I tried the Gemma 4 I think 2 and 4b. The 2b was not useful for me at all. A little too weak for my use cases

The 4b was okay. It didn't get all of my small math questions right, it didn't know about some of the libraries I use, but it was able to do some basic auto complete type stuff. For microscopic models I like the llama 3.2 3b more right now for what I do, it's a little faster and seems a little stronger for what I do. But everyone is different and I don't think I'll use it anymore this past month has been crazy for local model releases.

can you share your use cases for 2b and 4b models?

curious how people are leveraging these models

For me, I use them for quick auto complete or small questions. I am not a vibe/agentic coder. I know I am a relic and a Luddite because of this.

Instead of hitting stack overflow and Google I will ask questions like "can you give me an example of how to do x in library y?" Or "this error is appearing what might be happening if I checked a b and c". Or "please write unit tests for this function". Or code auto complete.

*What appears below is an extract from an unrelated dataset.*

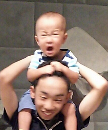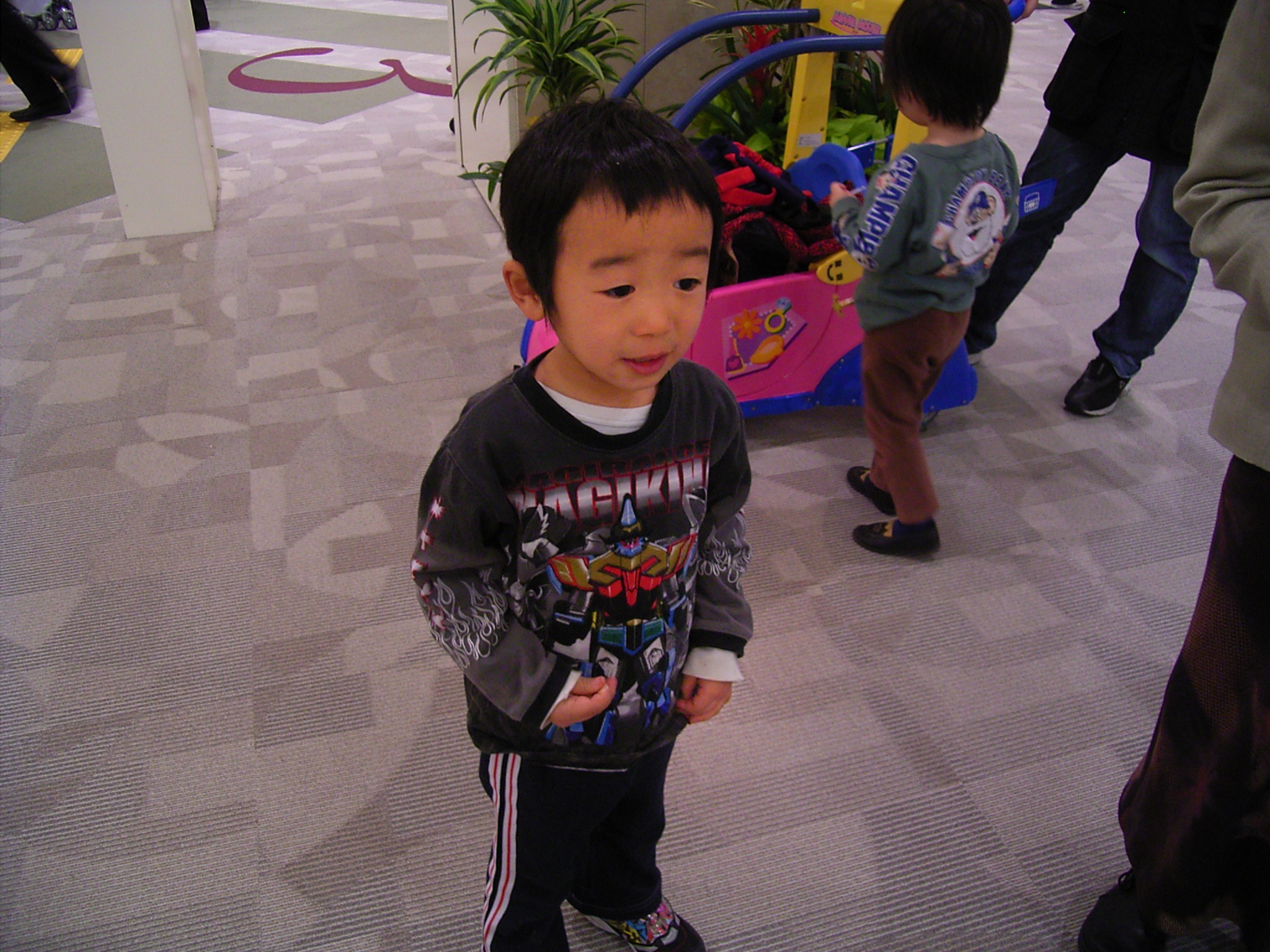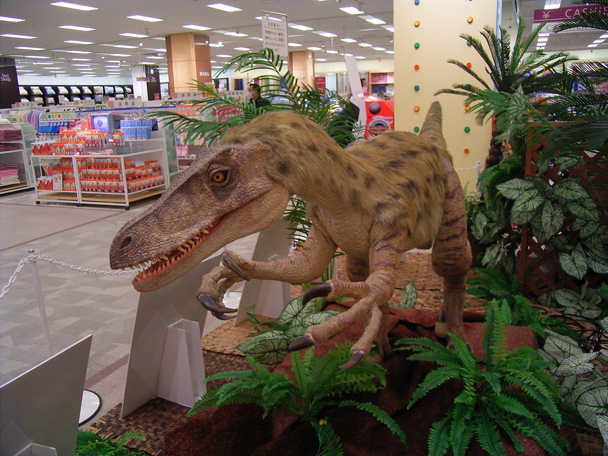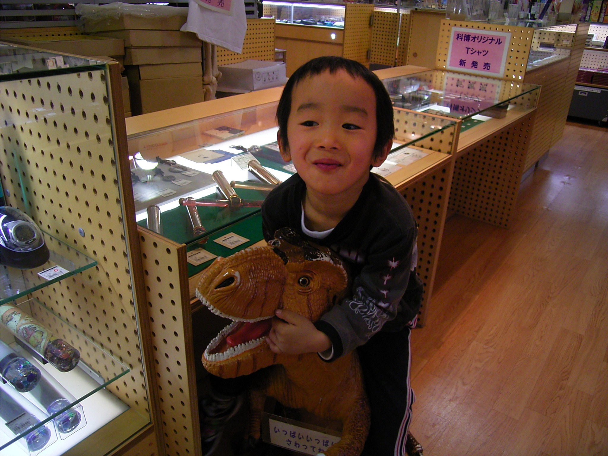 大きな甥(当時5歳)が動く恐竜を初めて見て、ビビってるところです。このあと大泣きして、走って逃げて、ぐずって大変でしたね。
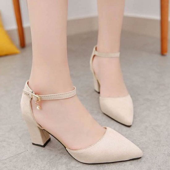 パンプス レディース アンクルストラップ バックベルト ポンテッドトゥ ローヒール 太ヒール PU キラキラ 大人可愛い エレガント フォーマル 結婚式 パーティー 7cm

I am not looking for the world's best answer from a 3b model. I am looking for a super fast answer that reminds me of things I already know or maybe just maybe gives me a fast idea to stub something while I focus on something more important, I am going to refactor anyways. Think a low quality rubber duck

I mostly use 7-9b models for this now but llama 3.2 3b is pretty decent for not hogging resources while say I have other compute heavy operations happening on a weak computer.

Probably half the questions people ask chatgpt could get roughly the same quality of answer with a small model in my opinion. You can't fully trust an LLM anyways so the difference between 60% and 70% accuracy isn't as much are marketing makes it sound like. That said the quality of a good 7-9b model is worth it compared to a 3b if your machine can run it. Furthermore the quality of qwen 36 is crazy and makes me wonder if I will ever need an AI provider again if the trend continues.